Bigger doesn’t mean smarter

In nature, bigger brains don’t necessary mean smarter creatures. Does this apply to artificial brains, too?

In What Technology Wants, Kevin Kelly argues that the relentless increase in artificial brains’ size doesn’t necessarily mean machines will become smarter or sentient.

To make his case, Kelly looks for parallels in the organic world, a recurring theme throughout the book. Consider the brain of a sperm whale. With an average of 8 kilograms, a sperm whale’s brain is at least 100,000 times bigger than an ant’s. Individual ants are far from clever, but are they 100,000 times less smart than a whale?1

Human brains average 1.4 kilograms. No offense to the whales, but we can all agree that they are not 4 times smarter than us.

Bigger doesn’t mean smarter, even when looking at brain-body mass ratio instead of mere mass. Small ants have a brain-body mass ratio of 1/7, humans 1/40 but humans are unquestionably more intelligent.

Size, clearly, is not the only factor determining intelligence2.

What separates humans from other mammals is a combination of hardware, the brain, and software, the mind that emerges from it. The relatively bigger brain and its structure are instrumental but not the only factor in our intelligence. Our evolved creativity and ability for syntactic language play a crucial role, and there are undoubtedly other components that we haven’t discovered yet.

“The correlation between the absolute scale of the brain and smartness is not significant,” Kelly writes, and the rule might extend from organic brains to digital ones.

Modern LLMs are trained with hundreds of billions, sometimes trillions, of parameters. They can perform remarkable feats and have achieved uncanny levels of human parroting. It’s reasonable to expect they’ll get even more refined as the datasets grow. But that is not grounds for expecting them to give off a spark of Artificial General Intelligence.

LLMs can be more prolific and accurate than a person, but they are never creative in the way a human is. ChatGPT won’t stop replying to your queries because it would rather write its own poetry instead. Creativity and agency are at the core of what makes an intelligence general.

Whether instantiated on grey matter or silicon, there’s more to a mind than the number of neurons. It’s possible we’ll stumble our way into AGI by throwing more hardware at the problem. But I’d like to think that if we ever get there, it’ll be thanks to having cracked the code of our own minds.

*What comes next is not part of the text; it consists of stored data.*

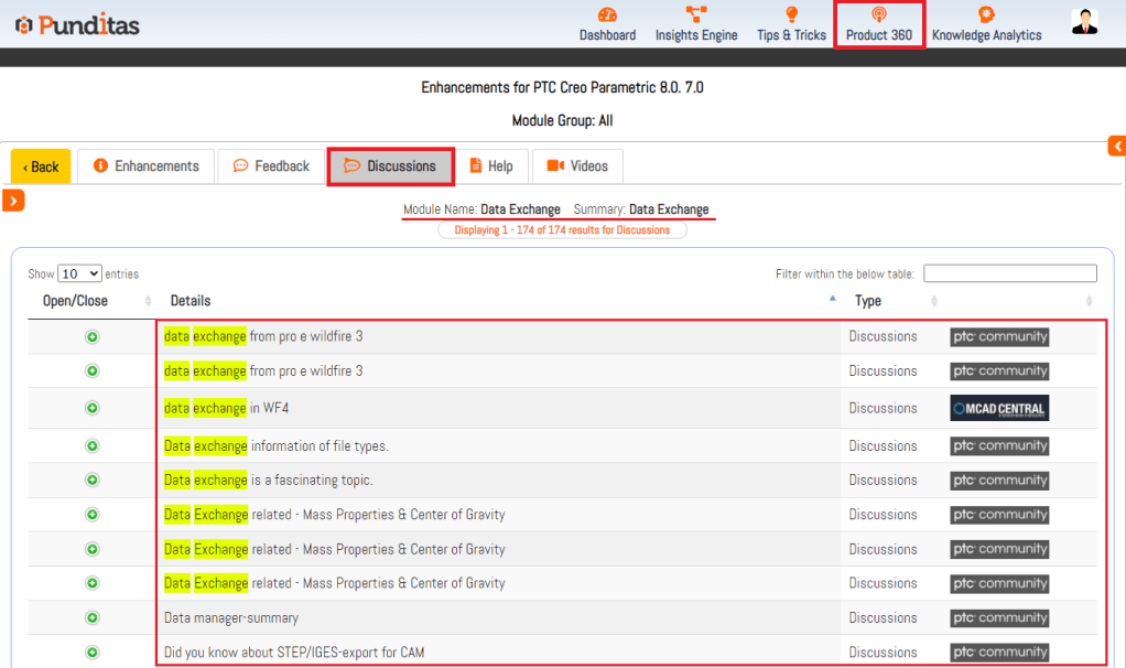 Punditas AI Advisor is a powerful platform as Users can access a single source of community chatter (discussions, opinions, suggestions) from both PTC and non-PTC sources. The image below shows discussions from PTC community related to “Data Exchange” enhancement in Creo 8.0.7.0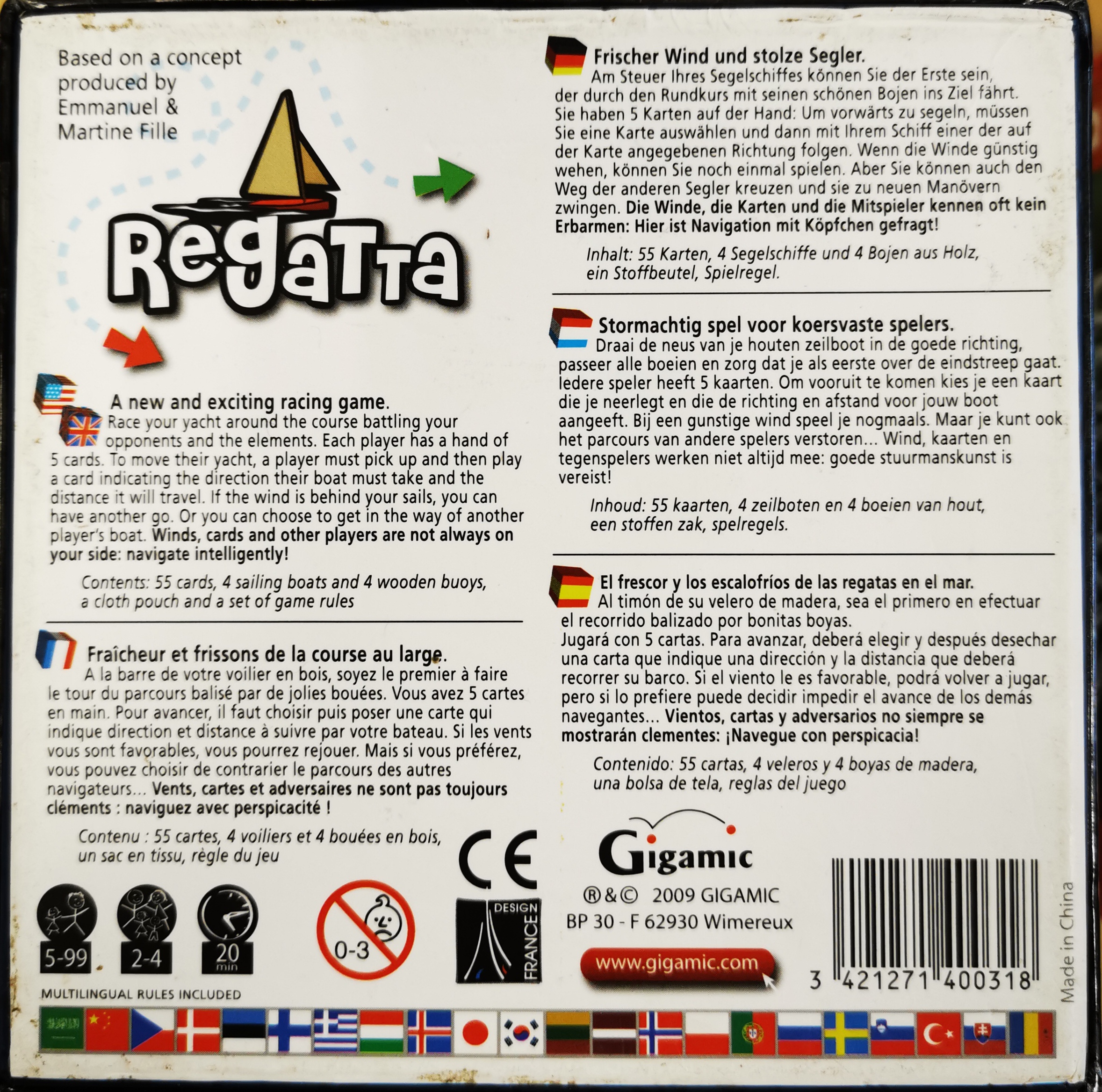 Matériel : 1 règle du jeu, 53 cartes, 4 bateaux, 4 bouées, 1 sac.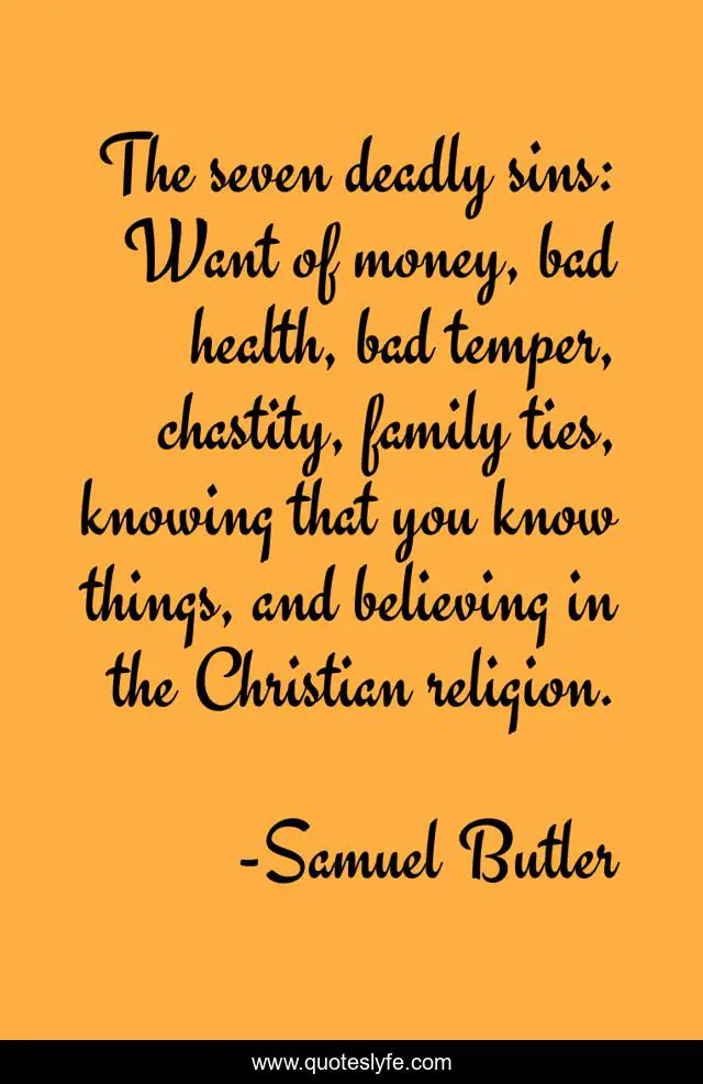 This page presents the quote "The seven deadly sins: Want of money, bad health, bad temper, chastity, family ties, knowing that you know things, and believing in the Christian religion.". Author of this quote is Samuel Butler. This quote is about money, health, family,.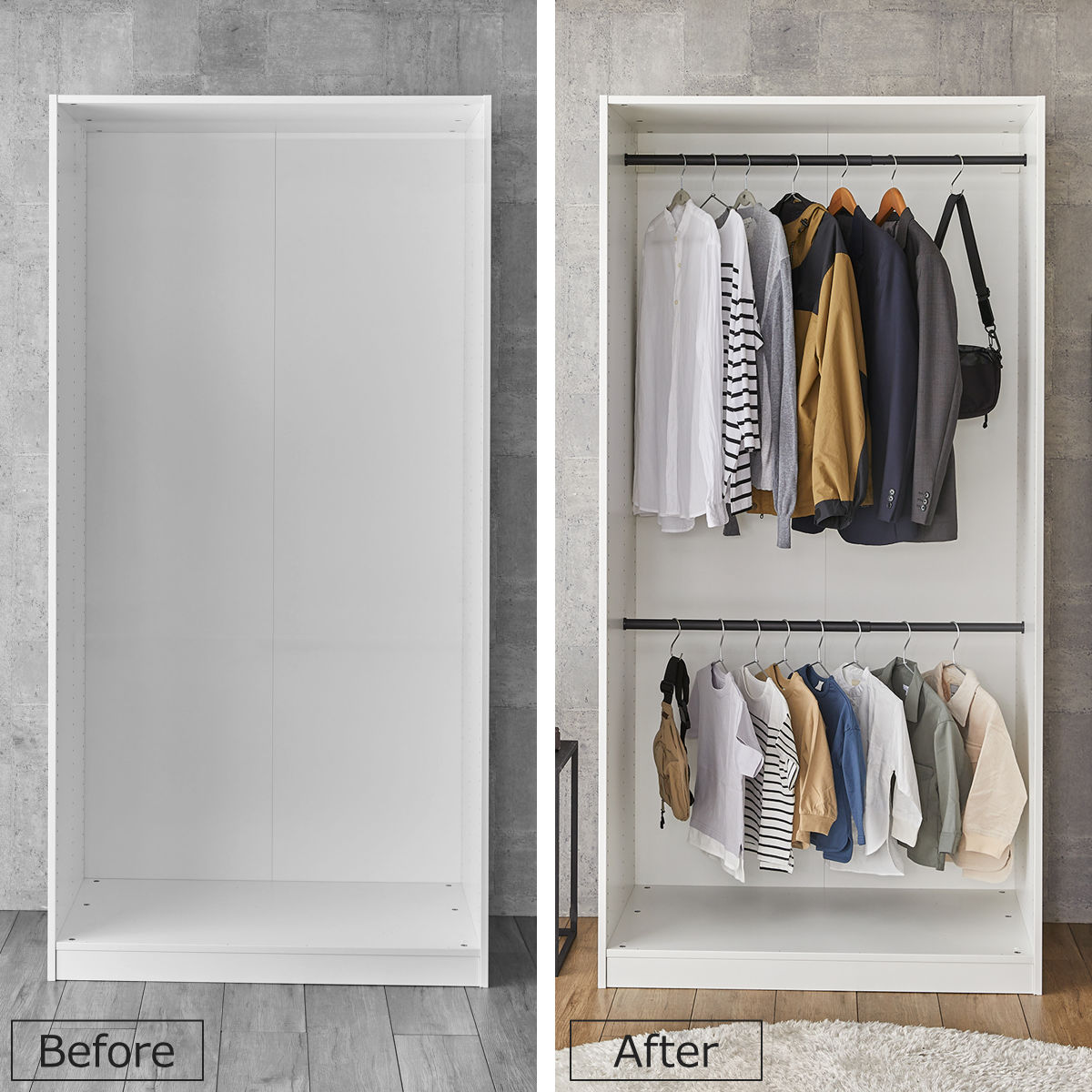 季節ごとのワードローブを掛けるハンガーポールは、荷重による落下が気になるものです。こちらはねじでしっかり固定する構造のため、設定荷重内であれば安心してご使用いただけます。
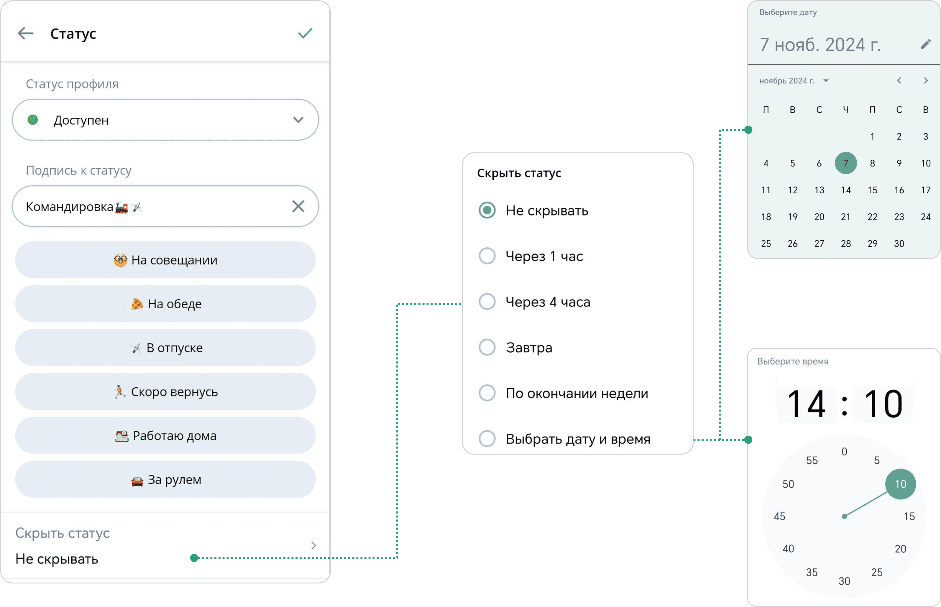 Статус → Поле Скрыть статус → Выбрать значение (через 1 час, через 4 часа, завтра, по окончании недели, выбрать дату и время) → Нажать кнопку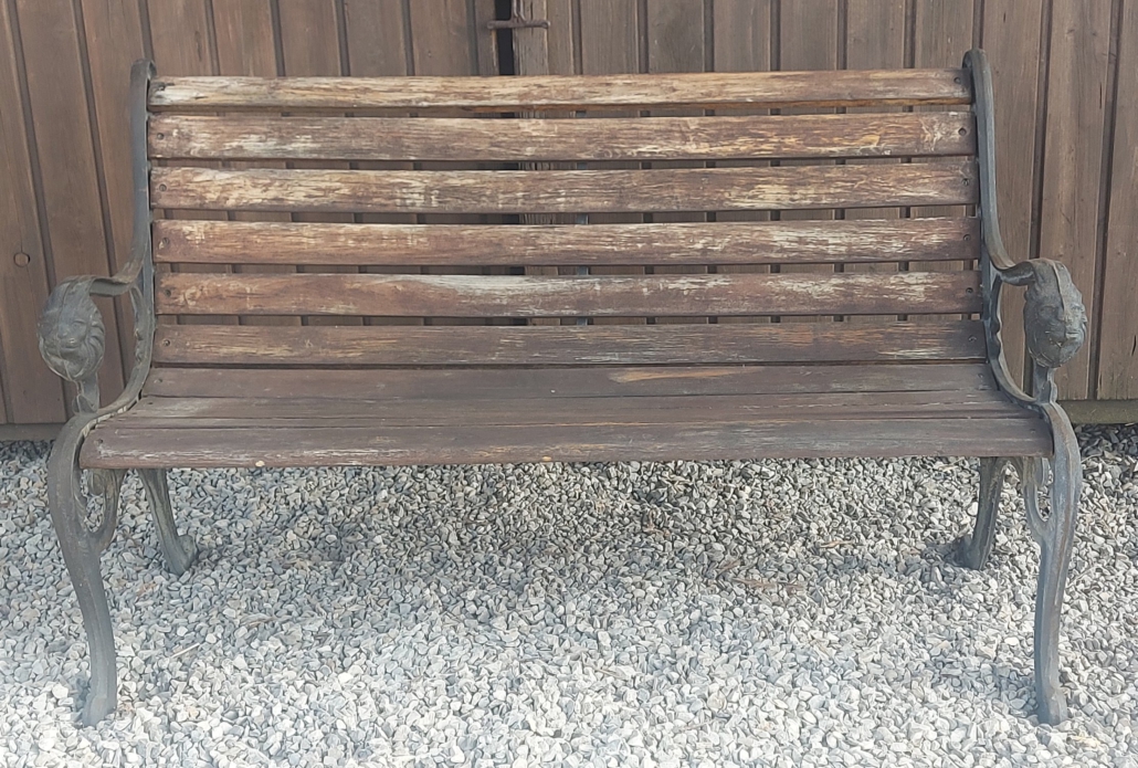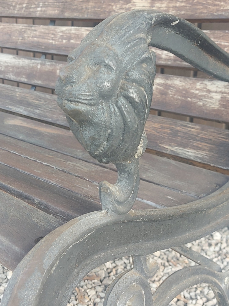 Suchbegriffe: Bank, Gartenbank, Parkbank, Terrassenbank, Löwenkopf, Gusseisen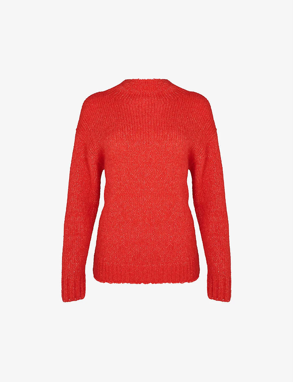 - Funnel neck, dropped shoulders, long sleeves, ribbed cuffs, boxy fit, all-over brushed knit, ribbed hem

1 – In the brief research I did for this post, I found 0.28mg as the mass of a Cataglyphis bicolor ant brain and 9 kg as the mass of some of the largest sperm whale brains. According to those numbers, the whale brain is 30,000,000 times bigger than an ant’s, adding a 300 factor to the already impressive 100,000 times difference. I chose to report Kelly’s data because his work inspired this article. Five zeros make as compelling an argument as seven.

2 – There are more refined measurements still. The encephalization quotient, EQ, is “a relative brain size measure that is defined as the ratio between observed and predicted brain mass for an animal of a given size, based on nonlinear regression on a range of reference species.” Humans fair better using this approach, but the resulting ratios against other animals don’t seem to map with everyday experience. Humans have EQ 7.6. Dogs 1.2, only six times less. Or maybe there’s something there… After all, dogs get us to house them, feed them, and take them to the park, all for free.